======== Data supplied
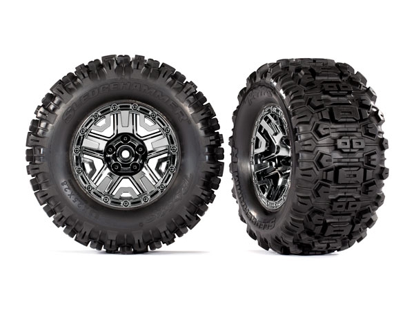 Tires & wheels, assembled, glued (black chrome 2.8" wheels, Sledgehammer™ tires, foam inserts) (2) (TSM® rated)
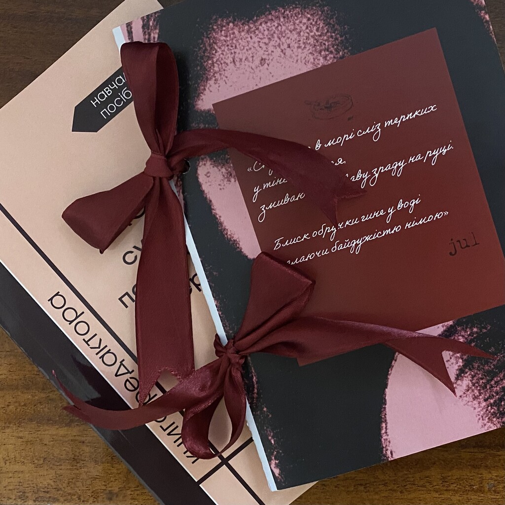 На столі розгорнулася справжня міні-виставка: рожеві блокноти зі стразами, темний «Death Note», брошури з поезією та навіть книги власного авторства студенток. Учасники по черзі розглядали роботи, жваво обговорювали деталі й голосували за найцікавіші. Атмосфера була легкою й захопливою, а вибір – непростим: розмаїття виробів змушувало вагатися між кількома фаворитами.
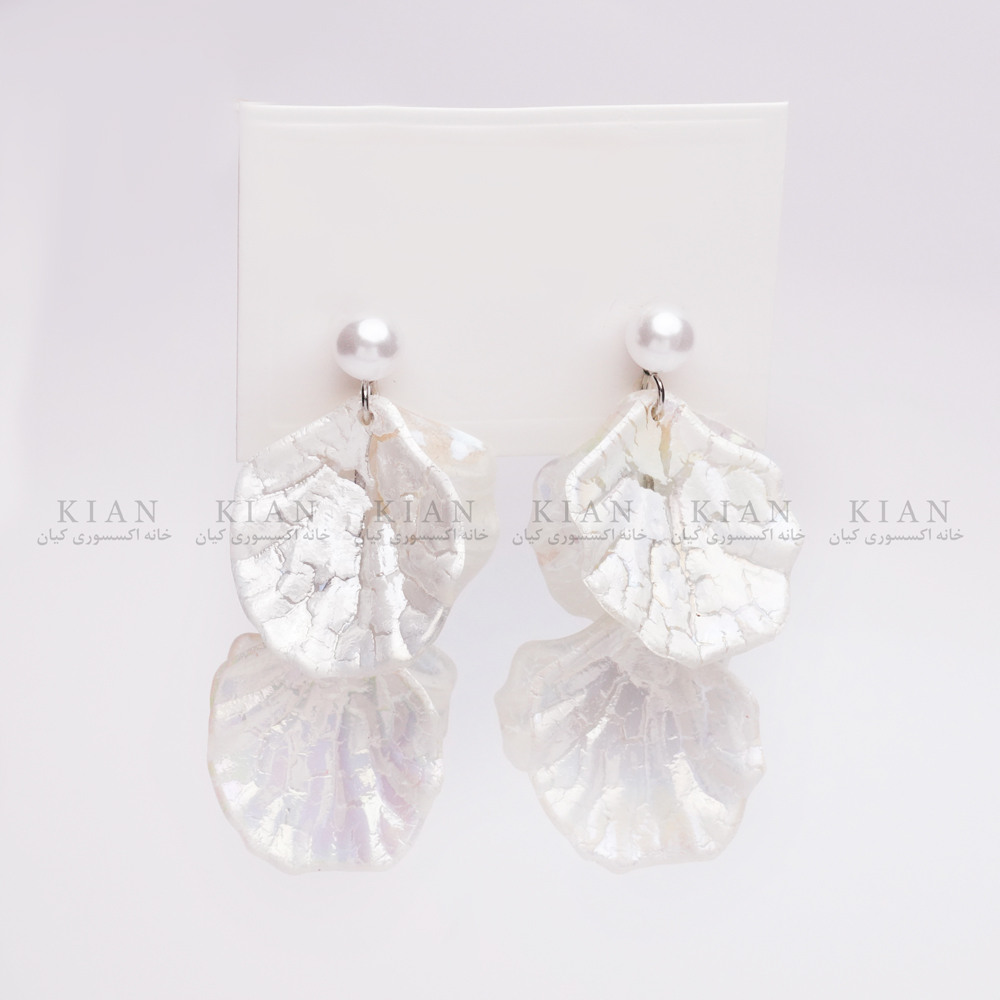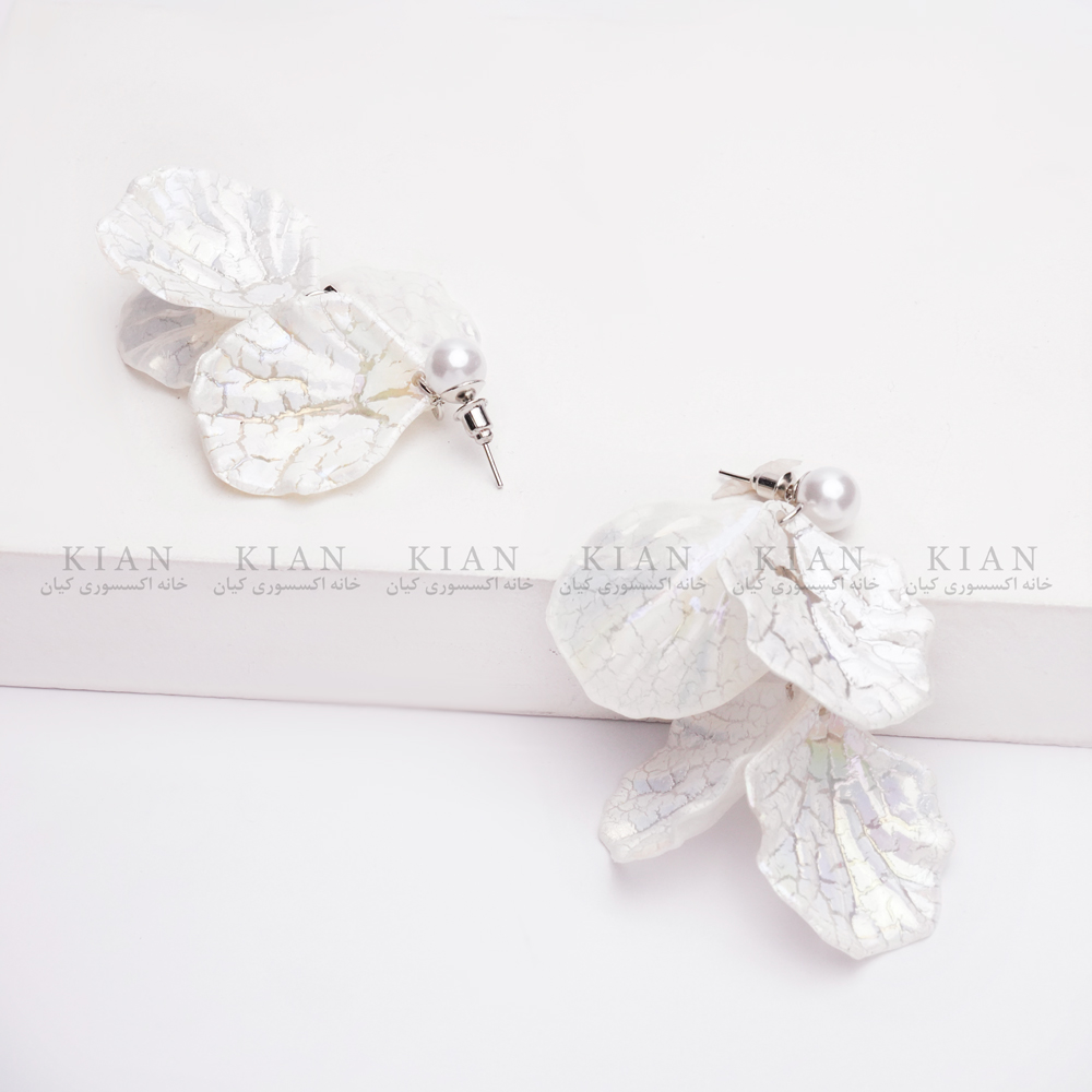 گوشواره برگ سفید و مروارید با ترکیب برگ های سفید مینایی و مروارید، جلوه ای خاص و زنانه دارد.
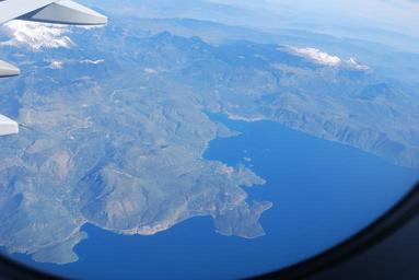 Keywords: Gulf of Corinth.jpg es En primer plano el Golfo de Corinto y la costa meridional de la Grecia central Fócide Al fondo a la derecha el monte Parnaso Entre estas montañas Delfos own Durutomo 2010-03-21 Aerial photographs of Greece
================
======== Data supplied
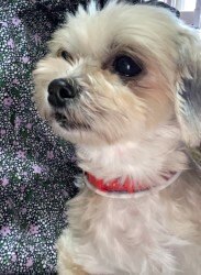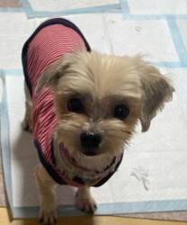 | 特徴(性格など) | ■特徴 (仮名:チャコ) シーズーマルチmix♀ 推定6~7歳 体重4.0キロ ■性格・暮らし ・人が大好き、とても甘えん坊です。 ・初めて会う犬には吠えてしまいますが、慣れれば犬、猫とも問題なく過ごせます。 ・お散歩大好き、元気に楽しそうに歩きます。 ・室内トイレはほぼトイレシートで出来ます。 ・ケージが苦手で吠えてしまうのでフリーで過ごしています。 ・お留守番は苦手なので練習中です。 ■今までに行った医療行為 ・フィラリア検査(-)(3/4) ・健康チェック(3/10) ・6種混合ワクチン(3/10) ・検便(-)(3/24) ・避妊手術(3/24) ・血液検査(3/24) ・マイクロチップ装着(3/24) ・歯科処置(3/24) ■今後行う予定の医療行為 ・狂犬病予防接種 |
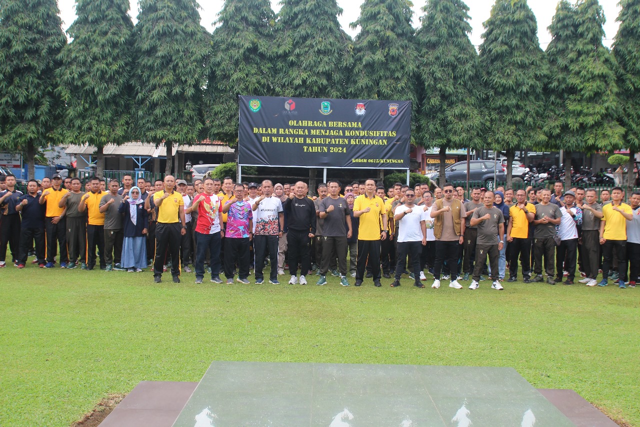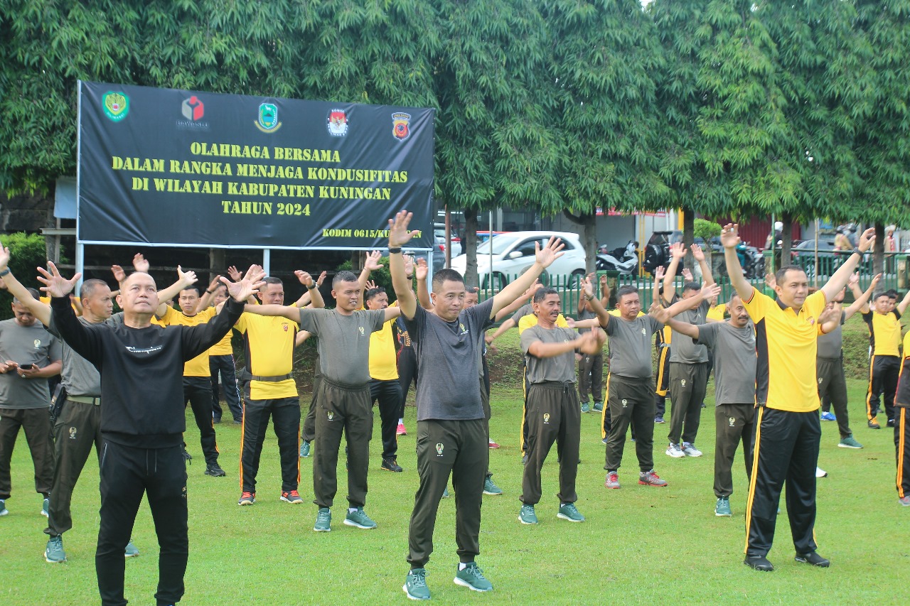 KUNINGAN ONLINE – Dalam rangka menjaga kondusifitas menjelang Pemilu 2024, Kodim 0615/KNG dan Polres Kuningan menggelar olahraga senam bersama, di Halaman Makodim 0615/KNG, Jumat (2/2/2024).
================
======== Data supplied
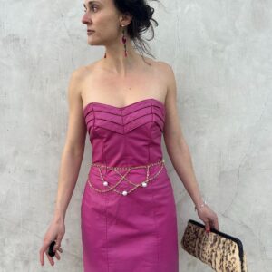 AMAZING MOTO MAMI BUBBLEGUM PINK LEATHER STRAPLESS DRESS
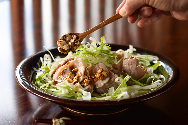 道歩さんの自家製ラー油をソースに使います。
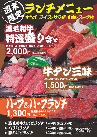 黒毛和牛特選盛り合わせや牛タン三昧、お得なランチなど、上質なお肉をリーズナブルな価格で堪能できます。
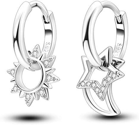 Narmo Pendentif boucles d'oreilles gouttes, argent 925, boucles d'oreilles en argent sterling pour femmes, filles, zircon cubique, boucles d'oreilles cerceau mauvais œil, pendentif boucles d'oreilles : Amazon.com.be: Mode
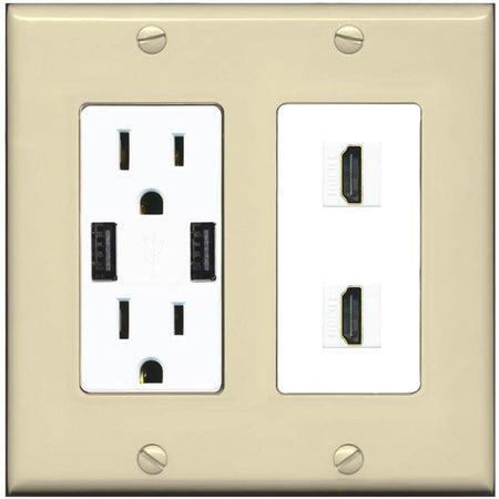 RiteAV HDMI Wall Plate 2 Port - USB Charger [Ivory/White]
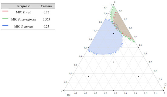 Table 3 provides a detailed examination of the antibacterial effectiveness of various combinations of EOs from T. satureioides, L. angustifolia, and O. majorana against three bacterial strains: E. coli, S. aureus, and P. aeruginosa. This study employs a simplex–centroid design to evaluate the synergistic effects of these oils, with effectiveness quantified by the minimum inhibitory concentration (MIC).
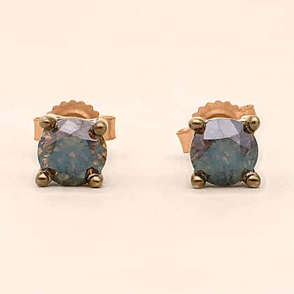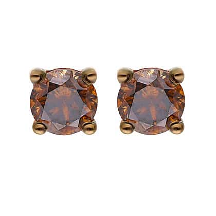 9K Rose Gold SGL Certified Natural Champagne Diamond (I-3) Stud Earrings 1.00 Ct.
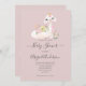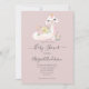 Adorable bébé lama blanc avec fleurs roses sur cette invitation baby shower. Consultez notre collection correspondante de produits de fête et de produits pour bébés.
================
Exercise prompt: In the listing above, find the line with "Narmo Pendentif boucles" and the line with "RiteAV HDMI Wall". Copy exactly those lines and all between them, minus the images.

Solution:
 Narmo Pendentif boucles d'oreilles gouttes, argent 925, boucles d'oreilles en argent sterling pour femmes, filles, zircon cubique, boucles d'oreilles cerceau mauvais œil, pendentif boucles d'oreilles : Amazon.com.be: Mode
 RiteAV HDMI Wall Plate 2 Port - USB Charger [Ivory/White]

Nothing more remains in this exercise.